→ WHAT TO DO
Transcribe the full listing below, word for word, without pictures.

→ INFORMATION PROVIDED
******

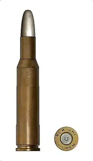 O .25 Remington é um cartucho sem aro, do tipo "garrafa", acionado por pólvora sem fumaça. Esse cartucho foi considerado muito preciso por especialistas em armas de fogo da época e adequado para animais de caça até o porte de cervos e ursos negros.[3]
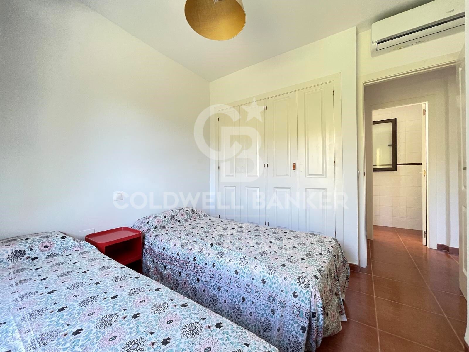 Grâce à son excellente orientation, la maison bénéficie de vues magnifiques sur la campagne, la montagne, les jardins et la piscine commune. Elle comprend trois chambres spacieuses avec placards intégrés, parfaitement adaptées aux familles ou à ceux qui recherchent de l'espace et du confort. Les deux salles de bains sont pratiques et confortables, avec climatisation pour un climat agréable toute l'année.
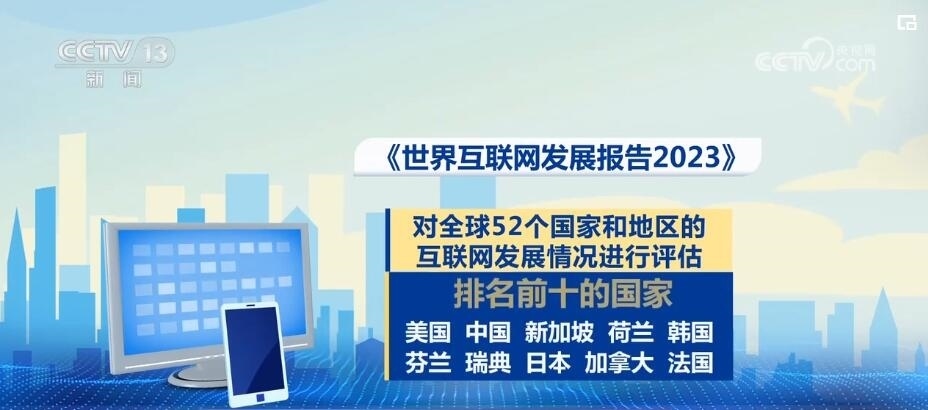 報(bào)告對(duì)全球52個(gè)國家和地區(qū)的互聯(lián)網(wǎng)發(fā)展情況進(jìn)行了評(píng)估,今年排名前十的國家為美國、中國、新加坡、荷蘭、韓國、芬蘭、瑞典、日本、加拿大、法國。

******

→ REPLY
 O .25 Remington é um cartucho sem aro, do tipo "garrafa", acionado por pólvora sem fumaça. Esse cartucho foi considerado muito preciso por especialistas em armas de fogo da época e adequado para animais de caça até o porte de cervos e ursos negros.[3]
 Grâce à son excellente orientation, la maison bénéficie de vues magnifiques sur la campagne, la montagne, les jardins et la piscine commune. Elle comprend trois chambres spacieuses avec placards intégrés, parfaitement adaptées aux familles ou à ceux qui recherchent de l'espace et du confort. Les deux salles de bains sont pratiques et confortables, avec climatisation pour un climat agréable toute l'année.
 報(bào)告對(duì)全球52個(gè)國家和地區(qū)的互聯(lián)網(wǎng)發(fā)展情況進(jìn)行了評(píng)估,今年排名前十的國家為美國、中國、新加坡、荷蘭、韓國、芬蘭、瑞典、日本、加拿大、法國。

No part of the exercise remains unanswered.